→ ACTION ITEM: Without the images, reproduce each line of the material exactly.

→ SUPPLIED MATERIAL:
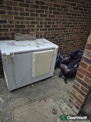it's an empty white chest type freezer which has been left on the street by the bins on entrance to Windfield close (off of Queensthorpe Road) SE26 4PQ
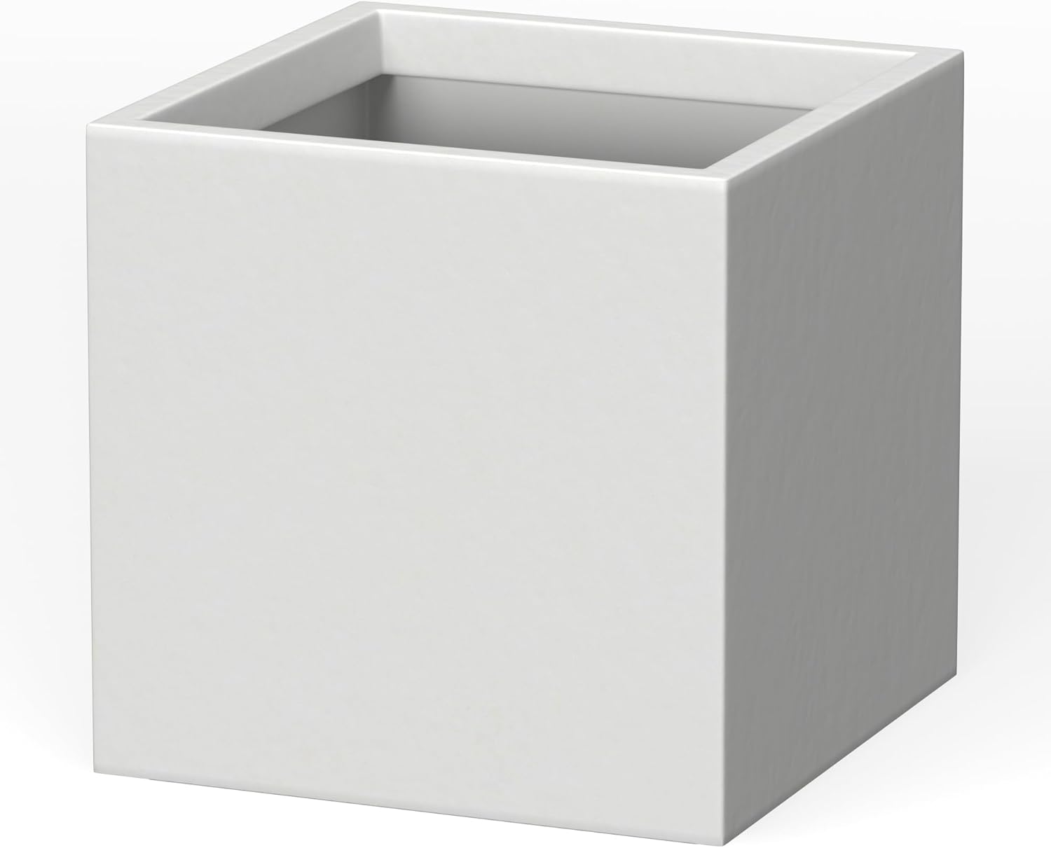 Kante 10 Inch Square Concrete Planter for Outdoor Indoor Home Patio Garden, Large Plant Pot with Drainage Hole and Rubber Plug, Pure White
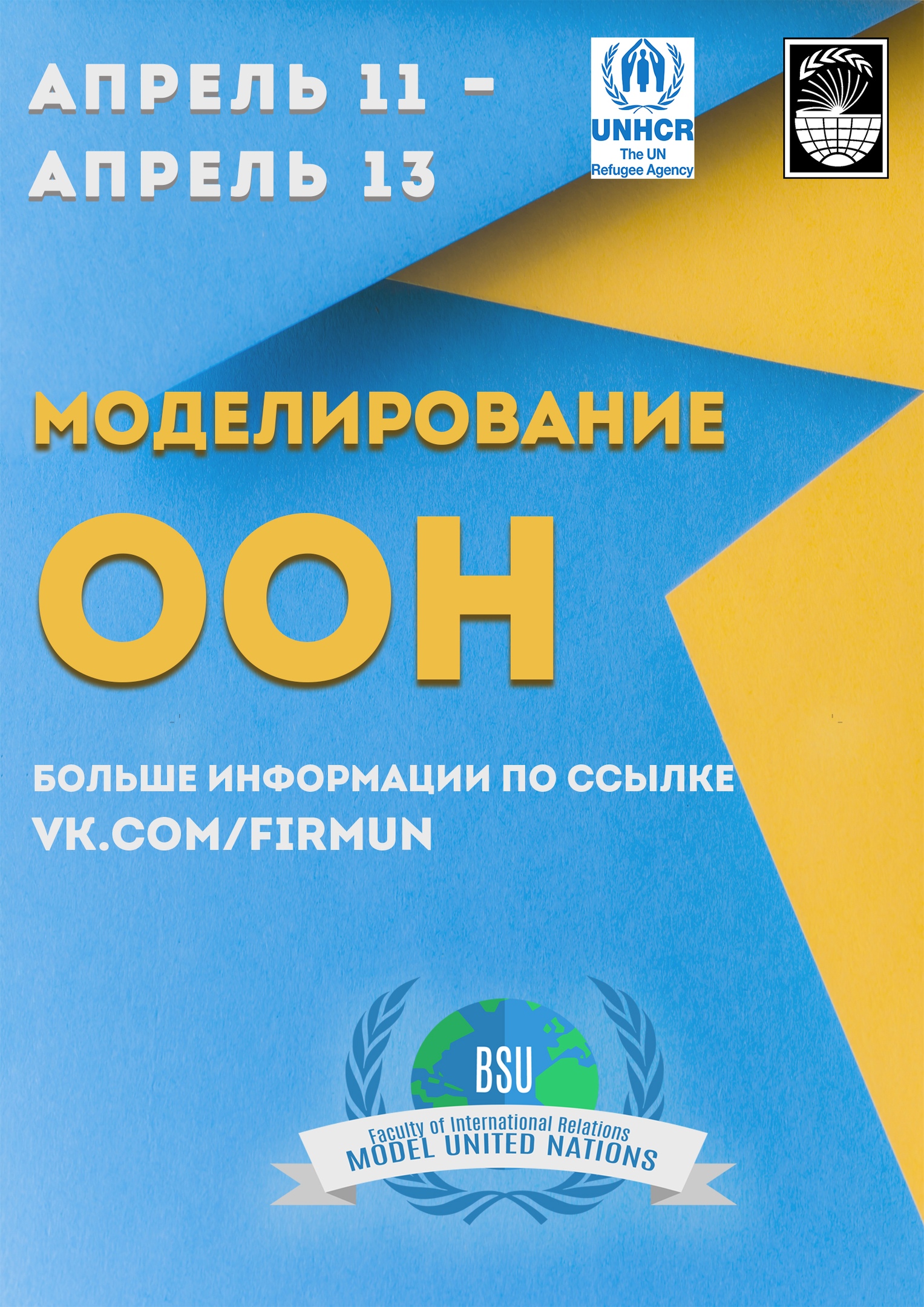 This Model UN was made by the support from the Belarusian State University, the United Nations High Commissioner for Refugees and International Non-governmental Association for Scientific Research, Information and Educational Programme “Evolutio”.

→ SOLUTION:
it's an empty white chest type freezer which has been left on the street by the bins on entrance to Windfield close (off of Queensthorpe Road) SE26 4PQ
 Kante 10 Inch Square Concrete Planter for Outdoor Indoor Home Patio Garden, Large Plant Pot with Drainage Hole and Rubber Plug, Pure White
 This Model UN was made by the support from the Belarusian State University, the United Nations High Commissioner for Refugees and International Non-governmental Association for Scientific Research, Information and Educational Programme “Evolutio”.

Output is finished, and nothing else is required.